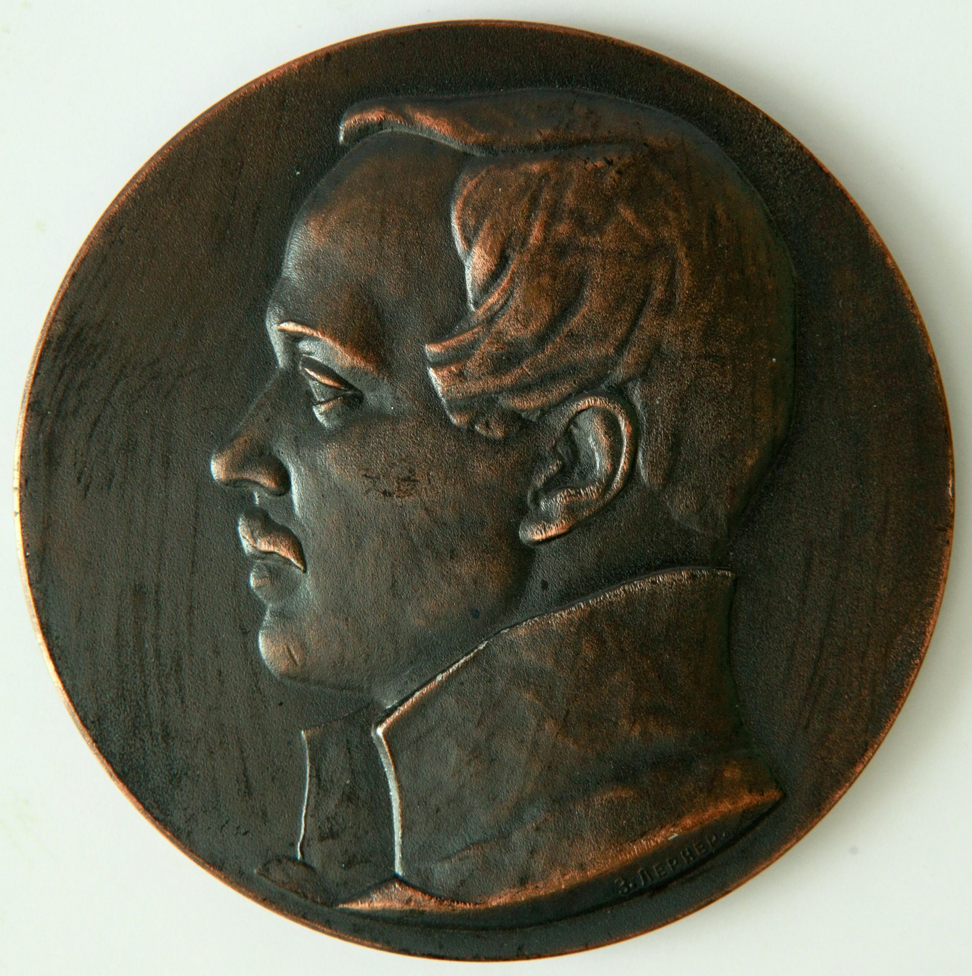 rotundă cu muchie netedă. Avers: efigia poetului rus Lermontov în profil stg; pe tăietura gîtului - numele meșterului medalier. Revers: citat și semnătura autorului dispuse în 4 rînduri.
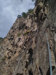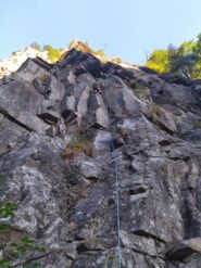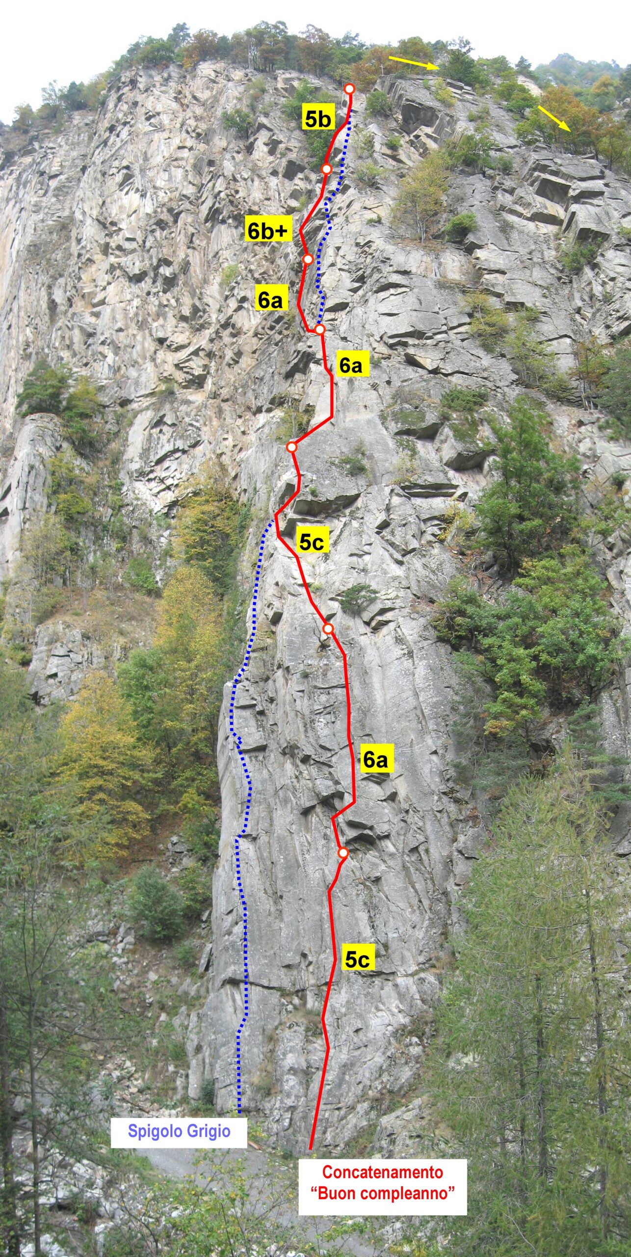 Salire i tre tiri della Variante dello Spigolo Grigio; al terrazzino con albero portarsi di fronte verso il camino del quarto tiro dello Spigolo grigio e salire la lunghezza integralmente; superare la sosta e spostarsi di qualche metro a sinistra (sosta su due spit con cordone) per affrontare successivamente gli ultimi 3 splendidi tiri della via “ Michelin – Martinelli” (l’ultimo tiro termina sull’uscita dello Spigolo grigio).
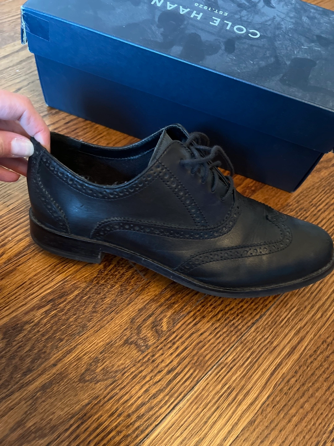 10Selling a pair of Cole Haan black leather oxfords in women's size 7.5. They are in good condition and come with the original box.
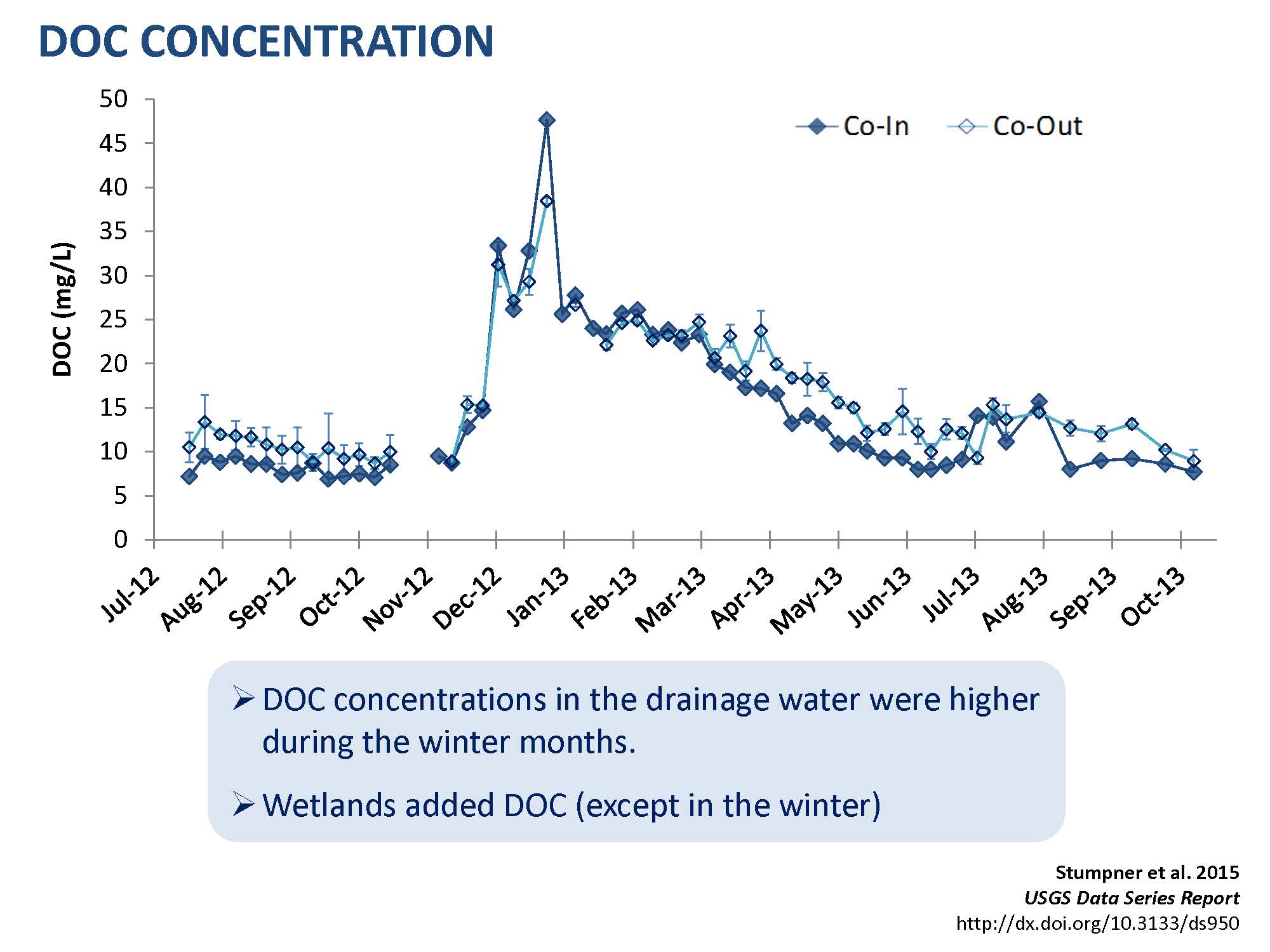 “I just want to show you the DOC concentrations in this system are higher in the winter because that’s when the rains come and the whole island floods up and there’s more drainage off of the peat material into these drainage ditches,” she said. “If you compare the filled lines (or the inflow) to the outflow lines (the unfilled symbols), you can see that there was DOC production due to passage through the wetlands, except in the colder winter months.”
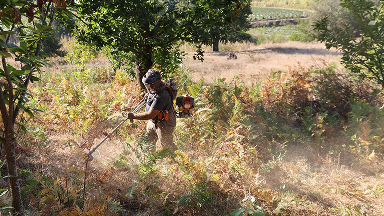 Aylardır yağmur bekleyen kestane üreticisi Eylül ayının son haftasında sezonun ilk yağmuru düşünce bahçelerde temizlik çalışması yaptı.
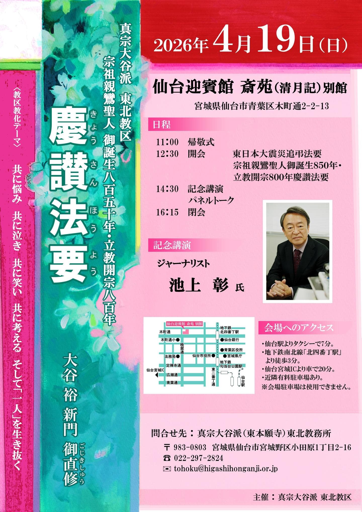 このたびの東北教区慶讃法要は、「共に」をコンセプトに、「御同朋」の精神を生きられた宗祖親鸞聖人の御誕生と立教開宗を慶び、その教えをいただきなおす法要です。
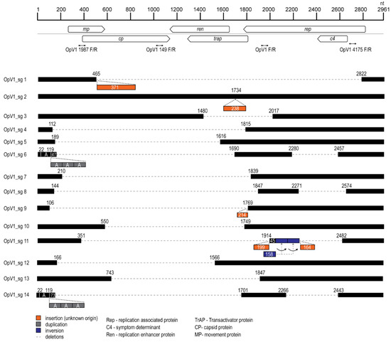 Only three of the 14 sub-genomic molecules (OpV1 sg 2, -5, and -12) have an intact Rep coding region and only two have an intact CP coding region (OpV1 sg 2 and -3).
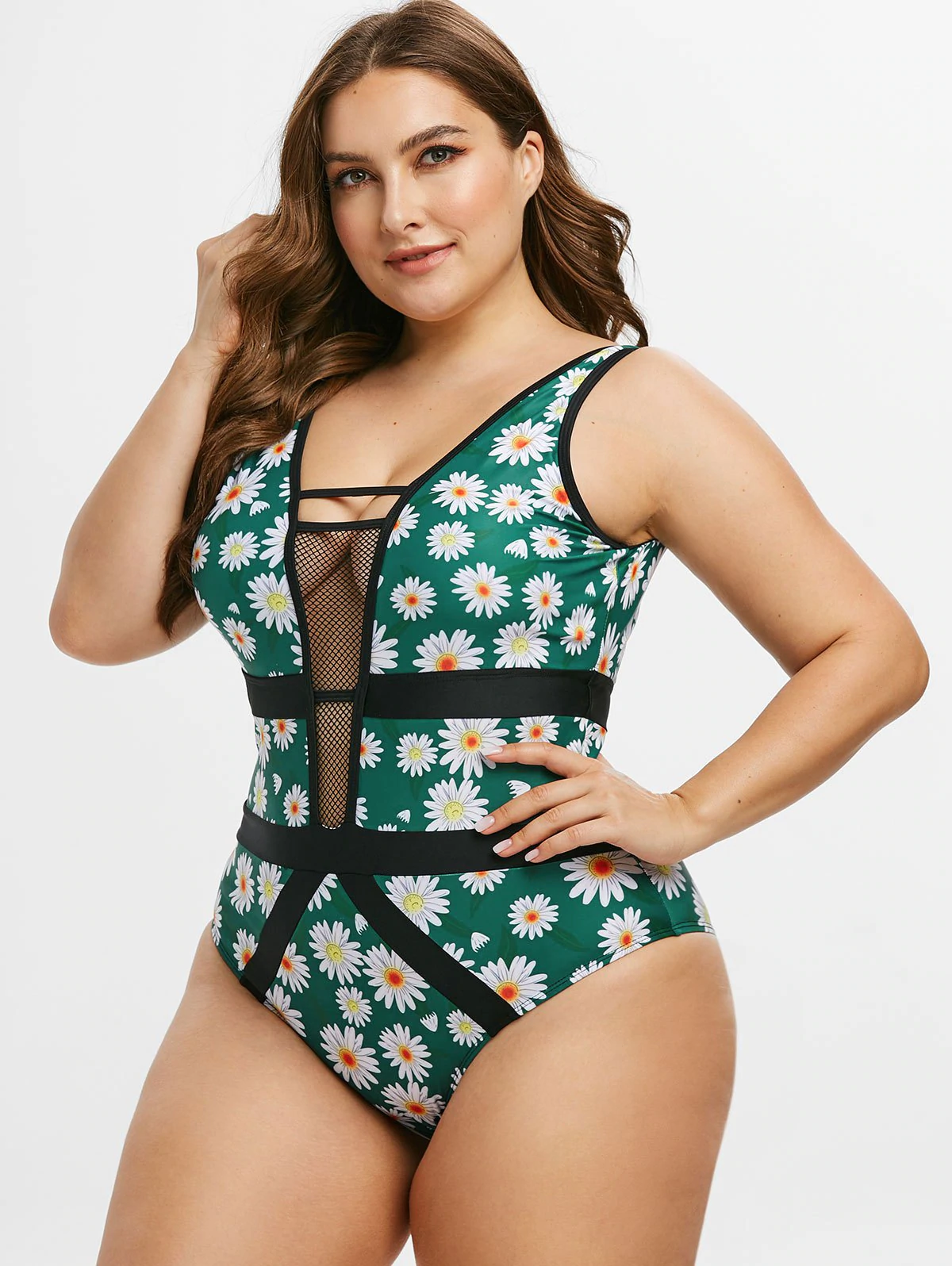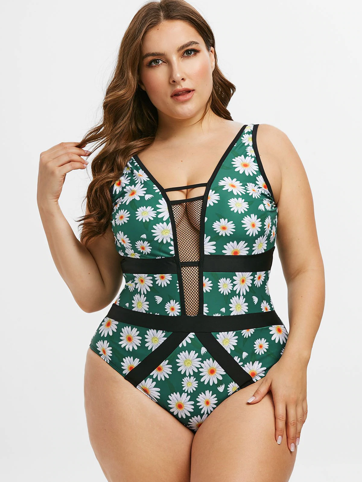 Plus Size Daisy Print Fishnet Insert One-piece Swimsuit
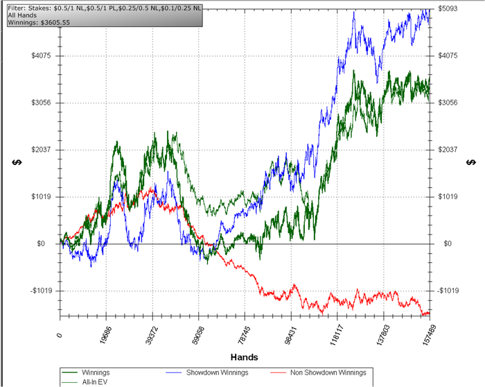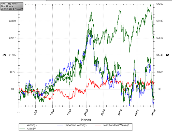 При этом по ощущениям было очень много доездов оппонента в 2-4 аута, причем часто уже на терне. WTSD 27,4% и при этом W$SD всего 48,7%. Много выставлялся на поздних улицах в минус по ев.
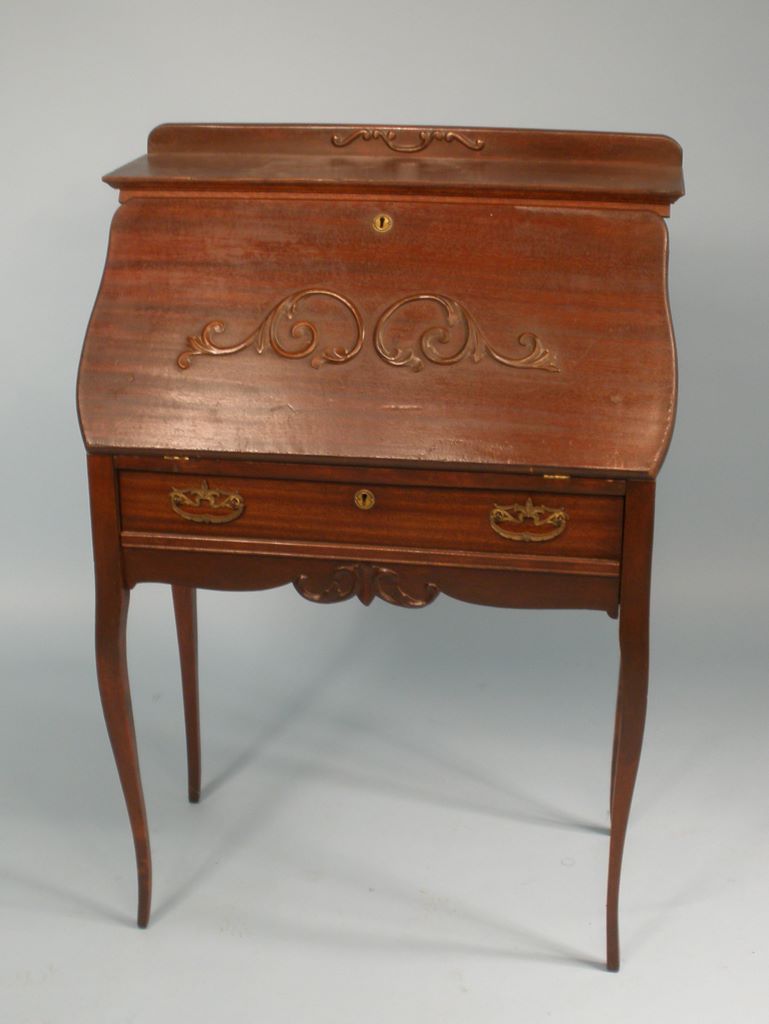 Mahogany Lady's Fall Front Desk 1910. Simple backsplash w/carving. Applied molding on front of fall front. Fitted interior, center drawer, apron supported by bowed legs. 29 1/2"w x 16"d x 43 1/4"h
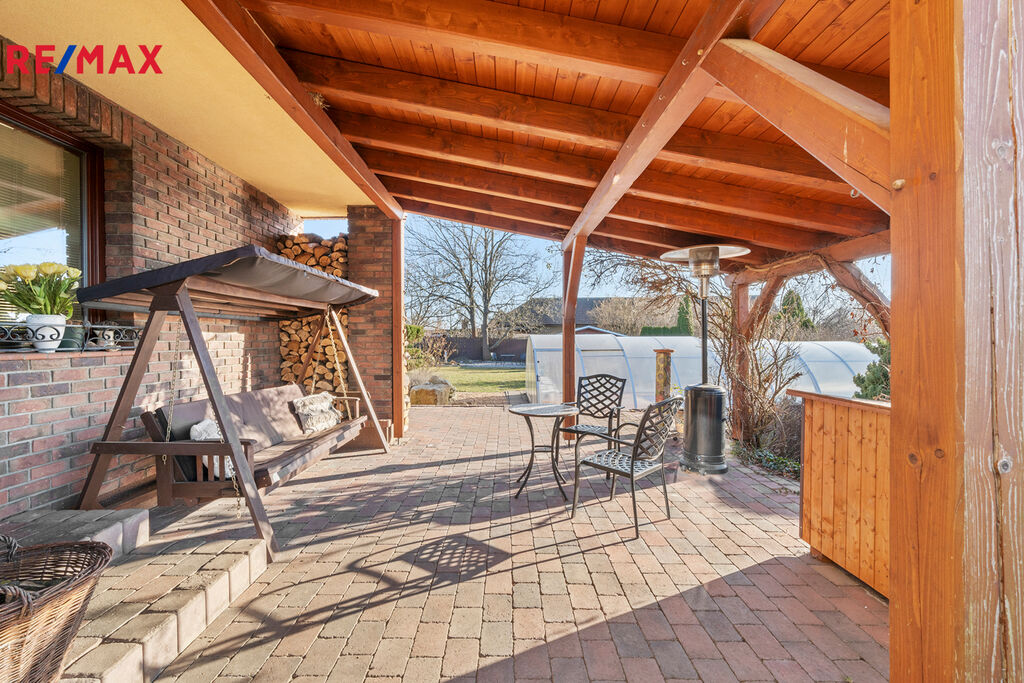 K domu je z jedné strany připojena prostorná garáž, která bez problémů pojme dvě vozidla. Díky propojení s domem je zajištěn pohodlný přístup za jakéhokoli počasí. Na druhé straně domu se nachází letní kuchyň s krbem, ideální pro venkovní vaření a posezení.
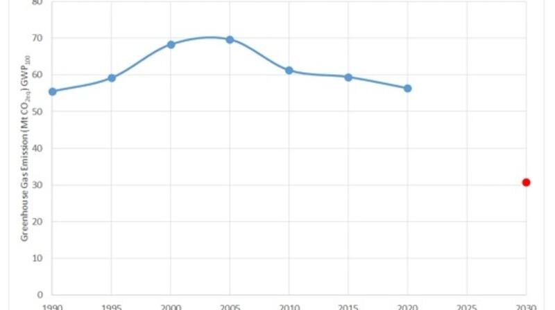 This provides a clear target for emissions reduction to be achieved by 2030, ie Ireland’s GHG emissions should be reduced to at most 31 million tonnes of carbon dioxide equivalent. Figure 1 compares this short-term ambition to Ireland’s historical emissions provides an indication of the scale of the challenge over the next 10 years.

────────

▶ [Exercise aim]
Lines from the one that holds "Mahogany Lady's Fall" through the final line of the material are to be duplicated exactly; no pictures belong in the copy.

▶ [Response to this exercise]
 Mahogany Lady's Fall Front Desk 1910. Simple backsplash w/carving. Applied molding on front of fall front. Fitted interior, center drawer, apron supported by bowed legs. 29 1/2"w x 16"d x 43 1/4"h
 K domu je z jedné strany připojena prostorná garáž, která bez problémů pojme dvě vozidla. Díky propojení s domem je zajištěn pohodlný přístup za jakéhokoli počasí. Na druhé straně domu se nachází letní kuchyň s krbem, ideální pro venkovní vaření a posezení.
 This provides a clear target for emissions reduction to be achieved by 2030, ie Ireland’s GHG emissions should be reduced to at most 31 million tonnes of carbon dioxide equivalent. Figure 1 compares this short-term ambition to Ireland’s historical emissions provides an indication of the scale of the challenge over the next 10 years.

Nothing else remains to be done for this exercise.